There is no provision under the Loan (Local) Act 1959 (Act 637) and the Government Funding Act 1983 (Act 275), to allow the government to borrow again when the national debt exceeds the statutory debt limit-GDP ratio.

The value of Malaysia’s palm oil exports this year is expected to be between RM65 billion and RM70 billion in spite of the impact of COVID-19 on the world, as compared to RM63.73 billion in 2019, said Plantation Industries and Commodities Minister, Datuk Dr Mohd Khairuddin Aman Razali.

The Federal Land Development Authority (Felda) is said to be negotiating with the Finance Ministry in Government Guaranteed Sukuk issuance for its loan restructuring.

If the bid is successful, it will be the second sukuk issuance for Felda after the first one in 2018 worth RM2 billion, said Minister in the Prime Minister's Department (Economy), Datuk Seri Mustapa Mohamed.

He said the government had set up a special team chaired by Tan Sri Abdul Wahid Omar to find the best approach in ensuring Felda’s independence and financial sustainability for the benefit of the settlers.

The Malaysian Investment Development Authority (MIDA) has identified 433 potential projects for investment worth RM97.4 billion within the country.

Senior Minister and Minister of International Trade and Industry, Datuk Seri Mohamed Azmin Ali said the high-impact projects will have a direct impact on the country's economic growth.

Despite being hit by the COVID-19 pandemic, various initiatives have been implemented by the government, in particular, the tax exemptions under the PRIHATIN initiative, he said.

The Dewan Rakyat also passed the Temporary Measures for Government Financing (Coronavirus Disease 2019 (COVID-19)) Bill 2020 on Monday and the Insolvency (Amendment) Bill 2020 to amend the Insolvency Act 1967 (Act 360) on Tuesday.

Aside from that, four motions moved by the Ministry of Finance on government funding and taxation were approved unanimously.

The motions were on the transfer of Malaysian Government Investment Issues (MGII) to the Development Fund under the Government Funding Act 1983 (Act 275), Customs Duties Order, Excise Duties Order, and Sales Tax Order.

The Cooperatives (Amendment) Bill 2020 was also tabled for first reading by Entrepreneur and Cooperative Development deputy minister Datuk Mas Ermieyati Samsudin.

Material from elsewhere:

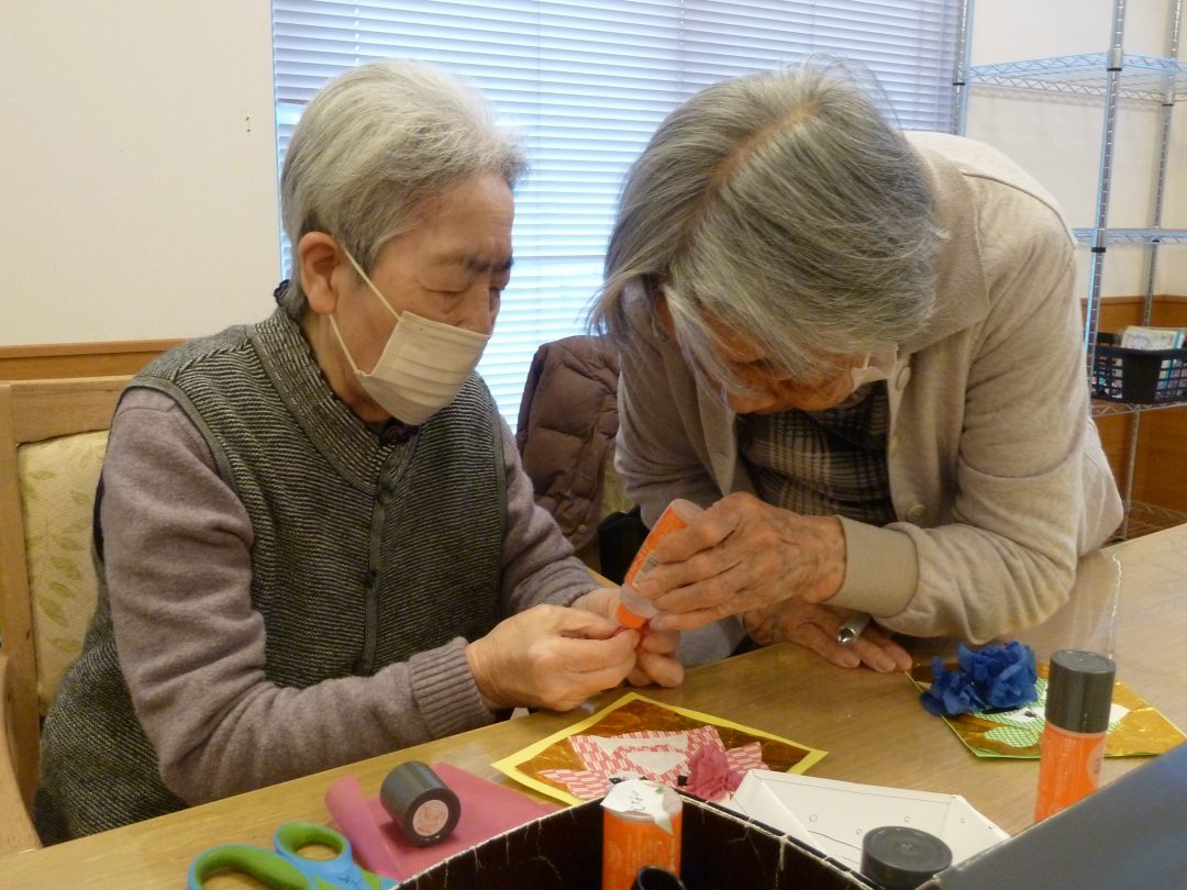 新年の『書き初め』や季節を思い出し感じていただく『手芸』を入れて、選り取り見取りの時間を過ごされています!頭と手を動かし、『体』と『脳』の体操を有効活用する素敵な取り組み!これからも、もっともっとそんな時間を増やし、活動していきたいと思います。

The second reading will be tabled at the next Dewan Rakyat sitting.

During the last week of the session, issues on disbursement of Prihatin Nasional 2.0 assistance, national debt, and vacancy tax to be imposed on owners of properties left vacant and unsold within a certain period also gained attention.

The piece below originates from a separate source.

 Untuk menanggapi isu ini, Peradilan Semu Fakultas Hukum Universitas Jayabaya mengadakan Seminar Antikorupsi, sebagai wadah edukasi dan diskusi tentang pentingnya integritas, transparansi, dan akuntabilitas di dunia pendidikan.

Tengku Zafrul said the Prihatin Nasional 2.0 assistance would be reviewed from time to time and that the government was prepared to provide additional stimulus if necessary. To date, more than one million Malaysians have received the RM50 e-Penjana initiative.

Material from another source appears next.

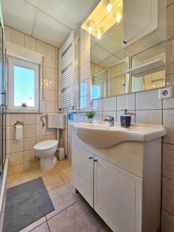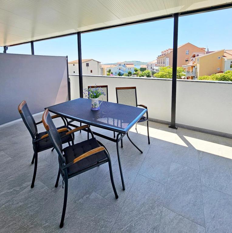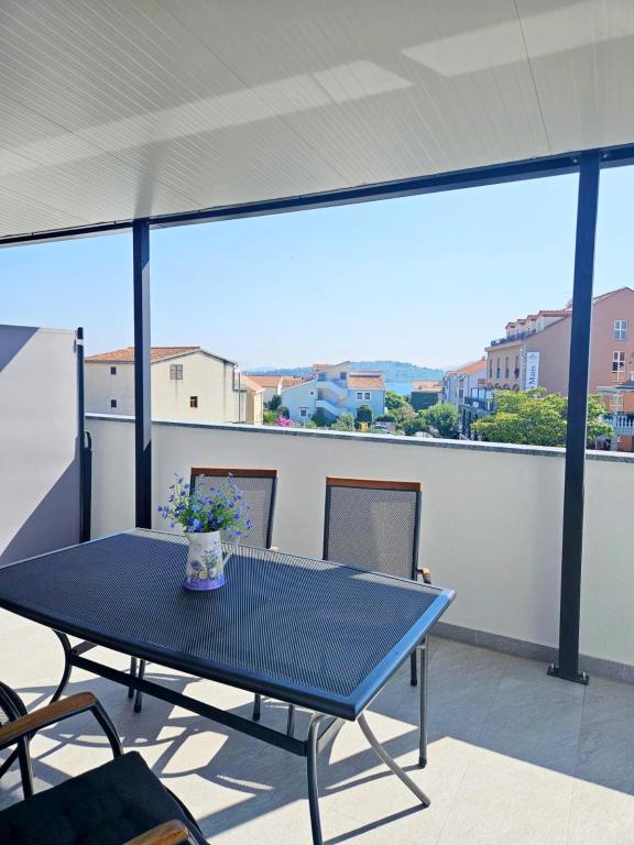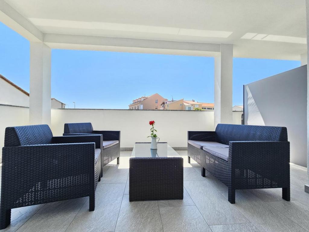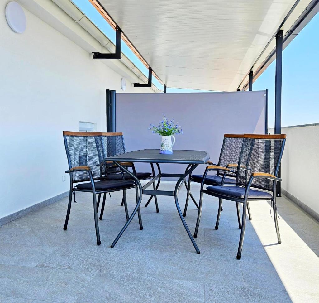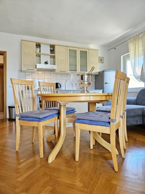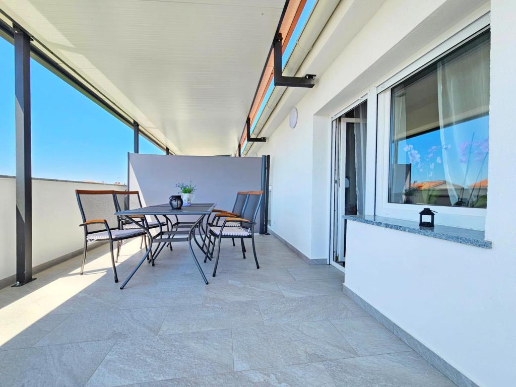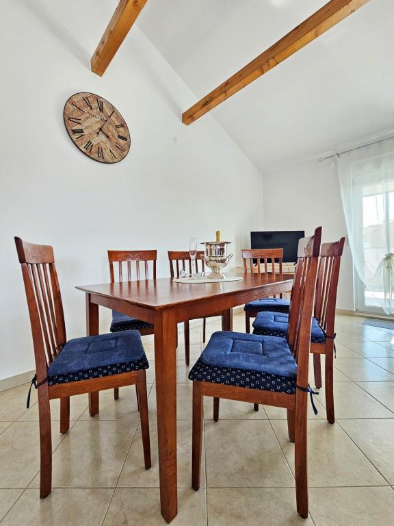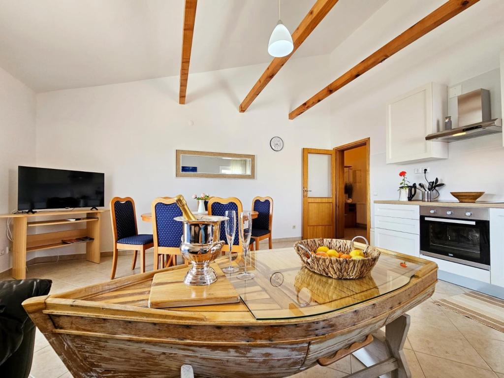 NOVO!!! Dobrodošli naši dragi gostje v prenovljenih prostornih apartmajih velikosti 70 m2 v družinski hiši: velika dnevna soba povezana s kuhinjo in jedilnico ter izhodom na veliko teraso 16 m2 s pogledom na morje; spalnica z zakonsko posteljo in dodatnim balkonom, druga spalnica z 2 ločenima posteljama, velika kopalnica in hodnik. V istem nadstropju 2 popolnoma enaki stanovanji z novozgrajenimi velikimi terasami! Objekt se nahaja 3 minute od plaže in prve trgovine. Udobno in prostorno! Čisto in urejeno! V sklopu objekta je varno in pokrito parkirišče. WiFi, klima, SAT TV, žar, zunanji tuš, varovano parkirišče in turistična taksa vključena v ceno! Za vse dodatne potrebe so vam prijazni gostitelji vedno na voljo!

Government debt stands at RM854.1 billion or 57.7 per cent of the GDP and is at 53.2 per cent of the statutory limit.

The Ministry of Plantation Industries and Commodities said various efforts had been initiated to explore new markets for palm oil such as the interior of China, Central Asian countries, the Balkans, Eastern Europe, the Caribbean Islands and African countries.

Promotion missions to such countries are also meant to strengthen existing bilateral cooperation frameworks and facilitate acceptance of Malaysian palm oil on the best export terms.